From June 20 on, François Hollande, Jean-Marc Ayrault and Michel Sapin, one after the other, have countered the figures on a civil service staff cut published by Le Figaro newspaper.

On the morning of June 21, the Prime Minister’s office explained to Agence France Presse that the figure of a 2.5% yearly cut in staff, except in the ministries of National Education, Justice, and the Interior, “is not that of the government, the outcome of intra-ministerial discussions will be made public at the end of the month, and the final framework will come late in June.” From the 2012 Earth Summit in Rio de Janeiro, François Hollande stated to Le Monde newspaper that “This seems unlikely to me. After all, if this were the case, I would have been informed.”

For his part, the Minister of Labor, Michel Sapin, refused to confirm “these figures point by point,” which “are not necessarily correct, point by point, it’s up to the government and the concerned ministers to make announcements on the figures in the days and weeks to come.”

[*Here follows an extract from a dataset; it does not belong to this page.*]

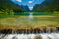 Een kleine waterval leidt de kijker naar het Toblach-meer op een zomeravond. De majestueuze bergen van de Dolomieten torenen boven het meer uit op een mooie zomerdag.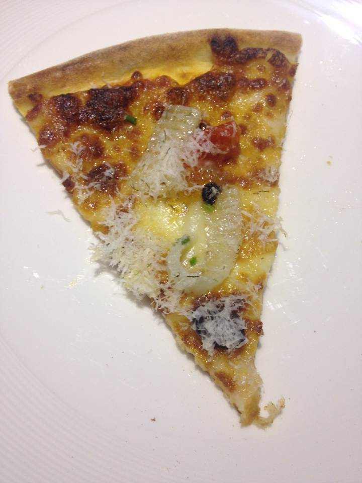 我覺得Milano Pizzeria的pizza有種慎重、精緻的形象,打破義式pizza向來給我一種topping都是亂丟亂撒上去的感覺XD 如果你跟我們一樣鹹甜都有點又都沒吃完,建議甜的那一個拚死拚活都要吃進去XD 鹹pizza的口感帶回家後也許不怎麼會變,但甜pizza因為如前面所說餡料是冰的、餅皮是熱的,味道一樣、口感卻不容易再營造回來,為了不讓口感變調,建議盡快把她吃完囉!

François Hollande’s campaign promise.

Questioned on the Europe 1 radio network, the Minister of Labor moreover pointed out that controlling the number of civil servants is “not a revelation,” “it’s simply the realization of what François Hollande said throughout the election campaign: there will be no overall fall in the number of civil servants. And I can say this in a different way, there will not be an overall increase in the number of civil servants. If there is an increase in one ministry, there will be no increase in staff in some other ministry.”

Mr. Sapin also mentioned the “necessary” reductions in operating expenses, “offices, automobiles, all of the expenses that can be trimmed without endangering public service.”